Simplified processing and rapid quantification of buprenorphine, norbuprenorphine, and their conjugated metabolites in human plasma using UPLC-MS/MS: Assessment of buprenorphine exposure during opioid use disorder treatment.

机构信息

Department of Pharmaceutical Sciences, School of Pharmacy, University of Pittsburgh, Pittsburgh, Pennsylvania, USA.
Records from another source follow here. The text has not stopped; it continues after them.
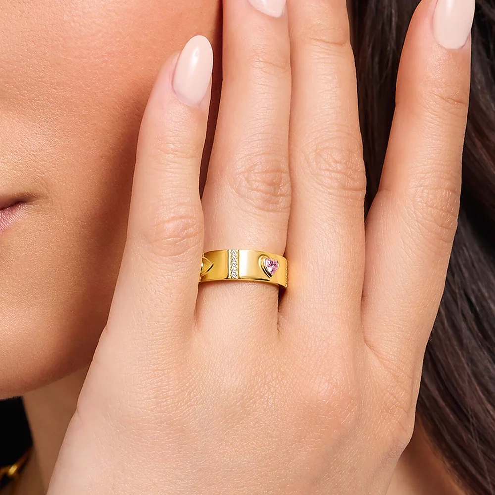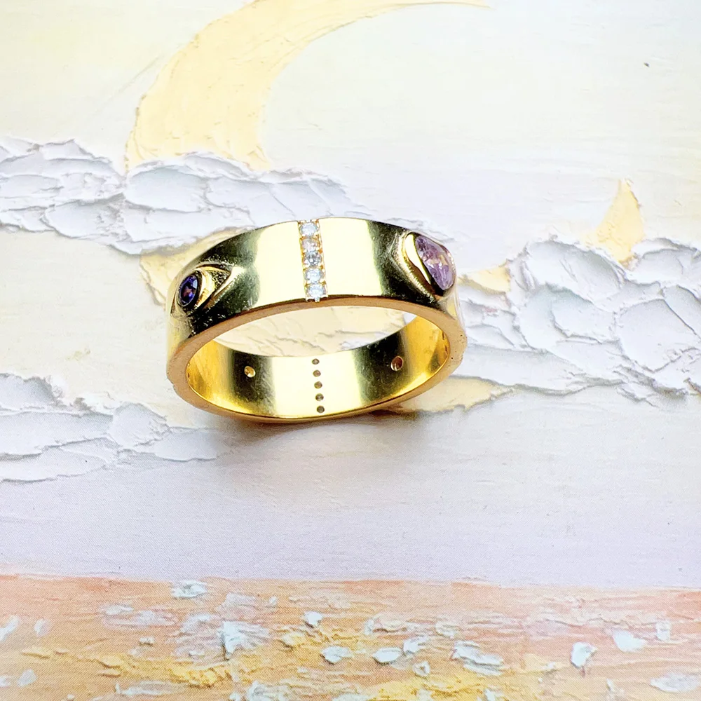 Kosmiczne talizmany: ten pierścień jest bogaty w detale i wykonany z wysokiej jakości srebra próby 925, platerowanego 18-karatowym żółtym złotem. Ozdobiony jest fasetowanymi, trójwymiarowymi motywami, które podobno przynoszą szczęście. Oko, serce, słońce i gwiazdy są wysadzane kamieniami w różnych kolorach i rozmiarach. Białe cyrkonie w oprawie pavé wizualnie oddzielają poszczególne motywy. Pierścień jest dostępny w różnych rozmiarach i stanowi idealny symboliczny prezent dla bliskiej osoby.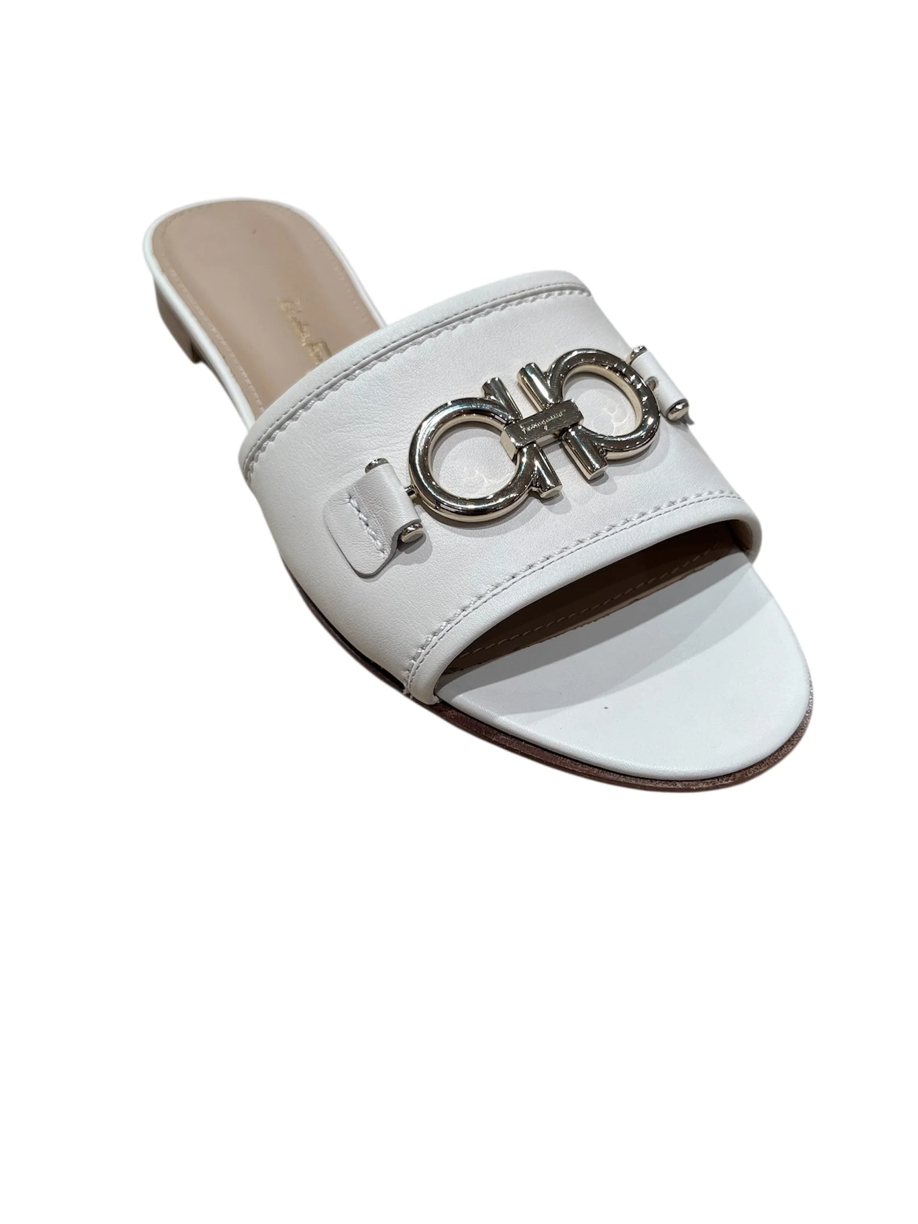 Ferragamo Logo Rhodes Slide Sandals 0790434 S581WHITE All sales are final. We only accept returns if there is a quality issue.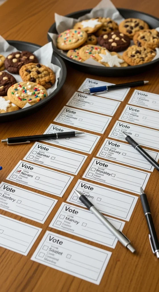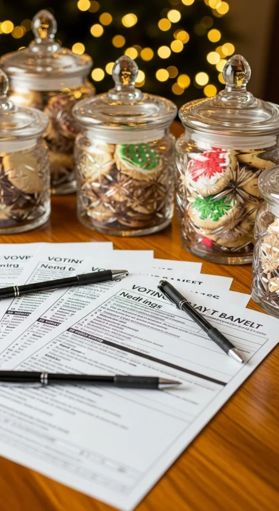 Ballots help guests choose favourites fairly. Print small ballots with multiple categories. Collect them in a jar or basket. Use simple black-and-white printing if you’re saving money. Keep the ballots small so you can fit multiple on a page. This gives your cookie exchange a fun competitive element.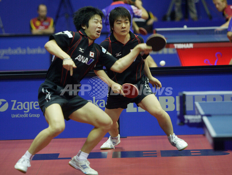 【5月25日 AFP】2007世界卓球選手権(2007 World Table Tennis Championships)、男子ダブルス3回戦。日本の岸川聖也(Seiya Kishikawa)/水谷隼(Jun Mizutani)組は、中国のHao Shuai/マ・ロン(Ma Long)組と対戦。岸川/水谷組はセットカウント4-1(11-8、6-11、11-2、11-9、11-8)でShuai/マ・ロン組を降し、準々決勝進出を決めた。(c)AFP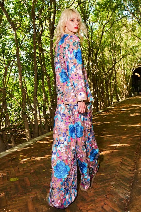 A multi-color blazer crafted from 100% recycled polyester, featuring a shawl collar and variegated botanical thread embroidery with floral motifs.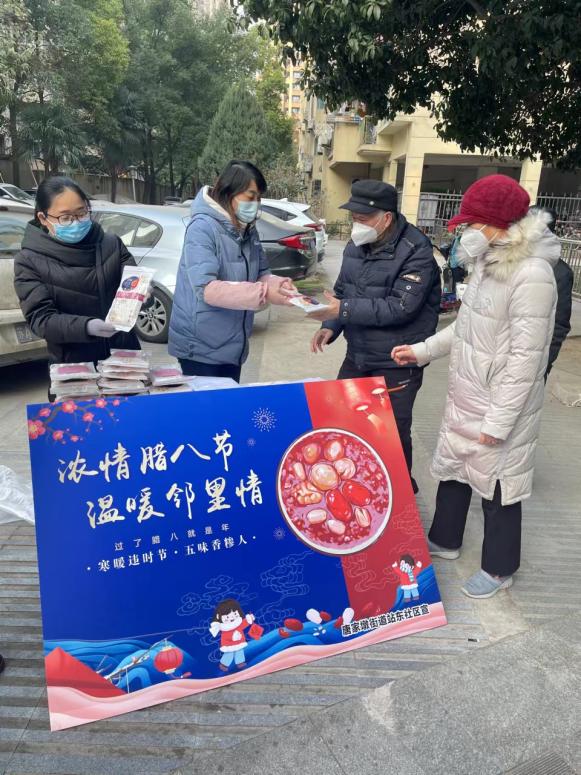 为了在营造浓厚节日氛围的同时保障好社区疫情防控,今年的腊八节,站东社区的工作人员和志愿者们转换思路,为辖区蓝色天际小区、新大陆城市花园小区、电信宿舍的居民精心准备了一袋袋包好的腊八米和一张张暖心的问候卡,长住蓝色天际小区的美国人安德鲁非常开心地领取了一份腊八米,十分感谢社区让他感受到了中国的传统节日文化,小区居民也都说:“腊八米拿在手里,暖在心头。”同时,站东社区还准备了30份八宝粥,送到小区部分独居、空巢老人家中,让这些子女不在身边的老人也能喝上暖暖的八宝粥,暖胃更暖心。独居老人们在家中接过送来的八宝粥时高兴地说道:“我自己一个人住,一到过节就空唠唠的,也没有精神去煮腊八粥。这下好了,你们来陪我、给我送腊八粥,来年的生活肯定更甜蜜。”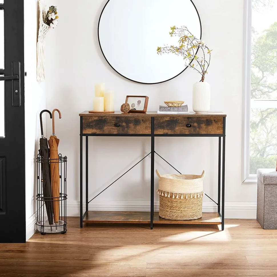 Ce que vous obtenez : Une table d’entrée de style industriel avec 2 tiroirs en tissu, un kit anti-basculement, une clé Allen et des instructions claires pour un montage facile

Department of Clinical Pharmacy, Faculty of Pharmacy, Jordan University of Science and Technology, Irbid, Jordan.

出版信息

J Mass Spectrom. 2024 Apr;59(4):e5015. doi: 10.1002/jms.5015.

DOI:10.1002/jms.5015
PMID:38501738
Abstract

Opioid use disorder (OUD) is a chronic neurobehavioral ailment and is prevalent in pregnancy. OUD is commonly treated with methadone or buprenorphine (BUP). Pregnancy is known to alter the pharmacokinetics of drugs and may lead to changes in drug exposure and response. A simple, specific, and sensitive analytical method for measuring the parent drug and its metabolites is valuable for assessing the impact of pregnancy on drug exposure. A new liquid chromatography-tandem mass spectrometric method that utilized a simple protein precipitation procedure for sample preparation and four deuterated internal standards for quantification was developed and validated for BUP and its major metabolites (norbuprenorphine [NBUP], buprenorphine-glucuronide [BUP-G], and norbuprenorphine-glucuronide [NBUP-G]) in human plasma. The standard curve was linear over the concentration range of 0.05-100 ng/mL for BUP and NBUP, and 0.1-200 ng/mL for BUP-G and NBUP-G. Intra- and inter-day bias and precision were within ±15% of nominal values for all the analytes. Quality controls assessed at four levels showed high recovery consistently for all the analytes with minimal matrix effect. Adequate analyte stability was observed at various laboratory conditions tested. Overall, the developed method is simple, sensitive, accurate and reproducible, and was successfully applied for the quantification of BUP and its metabolites in plasma samples collected from pregnant women in a clinical study assessing BUP exposure during OUD treatment.

摘要

阿片类使用障碍(OUD)是一种慢性神经行为疾病,在妊娠中很常见。OUD 通常用美沙酮或丁丙诺啡(BUP)治疗。已知妊娠会改变药物的药代动力学,可能导致药物暴露和反应的变化。一种简单、特异、灵敏的分析方法来测量母体药物及其代谢物对于评估妊娠对药物暴露的影响很有价值。本文建立并验证了一种新的液相色谱-串联质谱法,该方法采用简单的蛋白沉淀法进行样品前处理,并用 4 种氘代内标物进行定量分析,用于检测人血浆中的 BUP 及其主要代谢物(去甲丁丙诺啡[NBUP]、丁丙诺啡-葡萄糖醛酸[BUP-G]和去甲丁丙诺啡-葡萄糖醛酸[NBUP-G])。BUP 和 NBUP 的标准曲线在 0.05-100ng/mL 浓度范围内线性良好,BUP-G 和 NBUP-G 的标准曲线在 0.1-200ng/mL 浓度范围内线性良好。所有分析物的日内和日间偏差和精密度均在名义值的±15%以内。在四个水平评估的质控结果表明,所有分析物的回收率均较高,基质效应较小。在各种实验室条件下均观察到足够的分析物稳定性。总之,所建立的方法简单、灵敏、准确、重现性好,成功应用于评估 OUD 治疗期间 BUP 暴露的临床研究中采集的孕妇血浆样品中 BUP 及其代谢物的定量分析。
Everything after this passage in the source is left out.